Зенков, покачиваясь, похаживал по тропе, делая два-три шага вперёд, два-три шага назад.
— Ситуация располагает к задумчивости.
Ни слова не говоря, мы возобновили движение. А рюкзак мой стал легче. Так-то, оказывается, бывает иногда: груз убран из чужого рюкзака, а полегчал твой.
Показались тонкие, в радужных пятнах огоньки машины Дамира, которыми он нам подмигивал.
Вот он, левый берег, мы скоро придём. Я остановился и, наклонившись, стал отдыхать. Я устал, боялся, хотел спросить. И спросил:
— Владимир, мы с вами скоро разойдёмся, я хочу вас попросить кое о чём.
— Слушаю. — Зенков повернулся и сделал пару шагов ко мне.
— Вы знаете, вот я вам скажу. — Я собрался и продолжил: — Там, на горах, вы говорили и даже смеялись…
— Ну, что вы…
— Тогда вы удивились, почему Богданов передал отчёт именно нам четверым, и сказали, что… Короче, так. Что может быть сильнее ненависти? По-вашему. Нам скоро прощаться, скажите прямо. Вы как-то думаете по-другому, напрямик, что ли, у меня не получается.
— Вопрос неожиданный, я подумаю. Вы опустите рюкзак или будете так стоять?
— Буду так стоять.
Слушал меня Зенков неподвижно, потом развернулся, прошёл вперёд метров десять, остановился, вернулся.
— А пожалуй, смогу. Слушаете?
— Да.
— Скажите, как вы считаете, Аксёнов, только серьёзно, может ли человек ненавидеть, например, волка? Тащит у него волк овец и тащит, и не потому, что хочет досадить человеку, а потому, что он волк. Настоящий злобный волк, натура у него такая, ему есть надо.
— Нет.
— А почему?
— Ненавидят равного. Волк — животное.
— И что тогда делает человек?
— Изучает повадки волка и устраивает облаву. Или подбрасывает ему кусок отравленного мяса. Волк мясо жрёт и погибает.
— Вот видите! Вы сами всё объяснили. Мне в том числе. Хотя вопрос-то серьёзный… А сейчас давайте торопиться.
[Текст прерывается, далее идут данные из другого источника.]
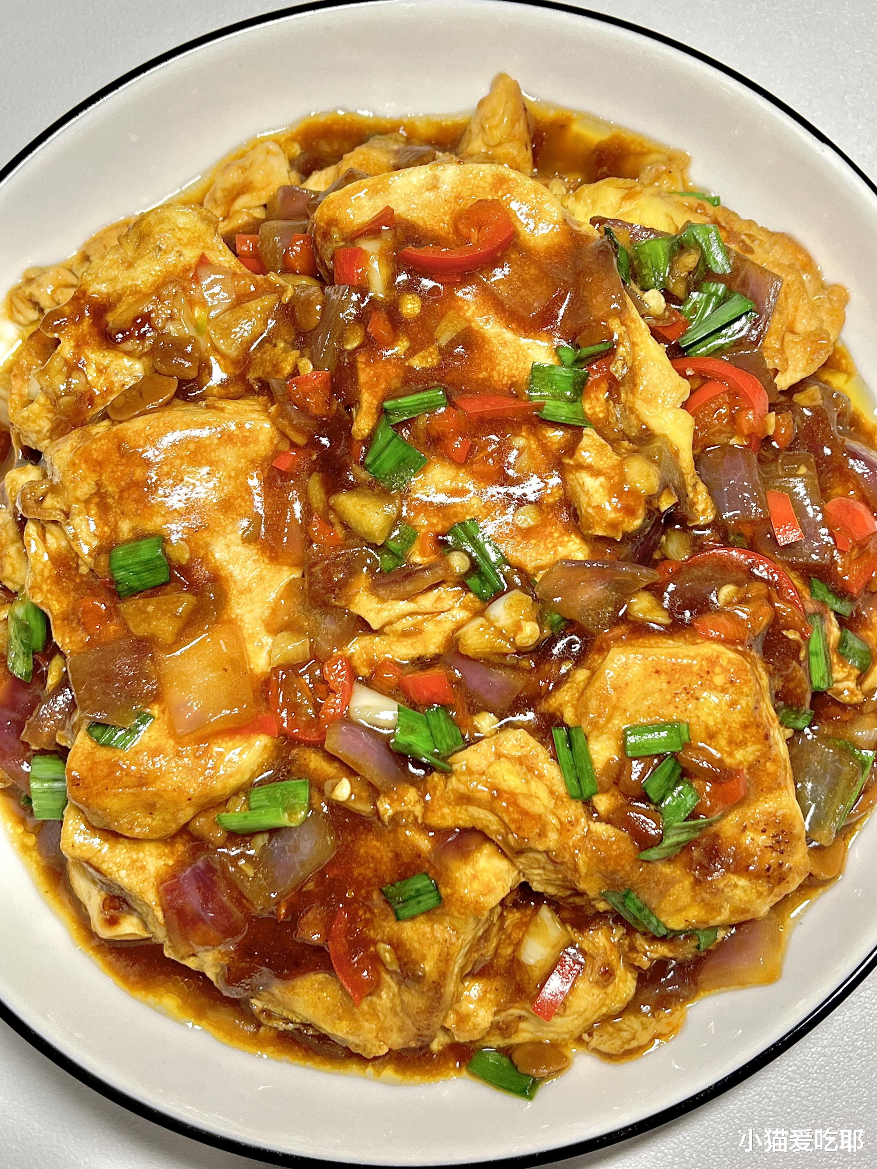 虽然这道菜做法简单,但还是有一些小技巧可以让它更加美味。首先,在煎豆腐的时候,一定要用小火,这样豆腐才不会煎焦,而且能让鸡蛋液更好地凝固在豆腐上。其次,调酱汁的时候,淀粉的量要适中,太多酱汁会太稠,太少又不够浓稠,影响口感。一般来说,淀粉和水的比例在 1:5 左右比较合适。最后,在裹鸡蛋液之前,可以在豆腐上撒一点盐,这样可以让豆腐更有味道,煎出来的豆腐也会更加入味。

Он повернулся и двинулся по тропе. Я шёл следом.
Слишком много обрушилось на меня в этот день. Я думал, что мы повезём через Волгу труп Паши — мы несём, то есть я несу его останки в рюкзаке. Дальше был пустой чугунок, из которого Латалин выгреб «много денег» — есть от чего голове закружиться! И он это смог? Ну да… И всё это буднично так, очевидно, но и этого мало! Как выдержать? Конечно, сам бы я так просто, как это сделал Зенков, не сообразил бы. То есть я в самом деле не сообразил. Близко подошёл, но застыл, потому что сил всё уместить в голове так сразу уже не было. Волки. Голодные, глупые, страшные волки. Да, Богданов ненавидеть нас не мог, ему нужно было, чтобы мы сами, как бы естественным образом всё сделали. Волк не жрёт отравленное мясо, он жрёт просто мясо, он же не думает, зачем ему мясо предложено. Он думать не умеет. И мы, деревянные люди, ничего не боялись и ничего не думали…
Оставляя нам отчёт, Богданов заранее был удовлетворён исходом будущих событий. Тут и сомневаться нельзя. Но он хотел, чтобы мы поняли, хотя бы немного, хотя бы что-нибудь, но поняли. Вот что он оставил на потом! А ни Паша, ни Конев не поняли ничего, не успели, и Павел погиб за металл, а Конев — за пятьдесят процентов от неизвестно чего. И оба за деньги. Почти понял Латалин, почти — потому что алчность сразу и бесповоротно всё затемнила. Хотя, возможно, он что-то и подозревал. Потом. И вот остался я один. Я — понял? Не знаю.
Зачем же я так сделал? Другие сделали, и я сделал. Я — как все, вот оно в чём дело — как все. И где они теперь? Они — там. А я? А я здесь, иду с правого берега Волги на левый. Живой. Я остался один, и я следующий. Туда. Но когда? Или, может быть, ещё рано, может быть, потом? И от чего это зависит?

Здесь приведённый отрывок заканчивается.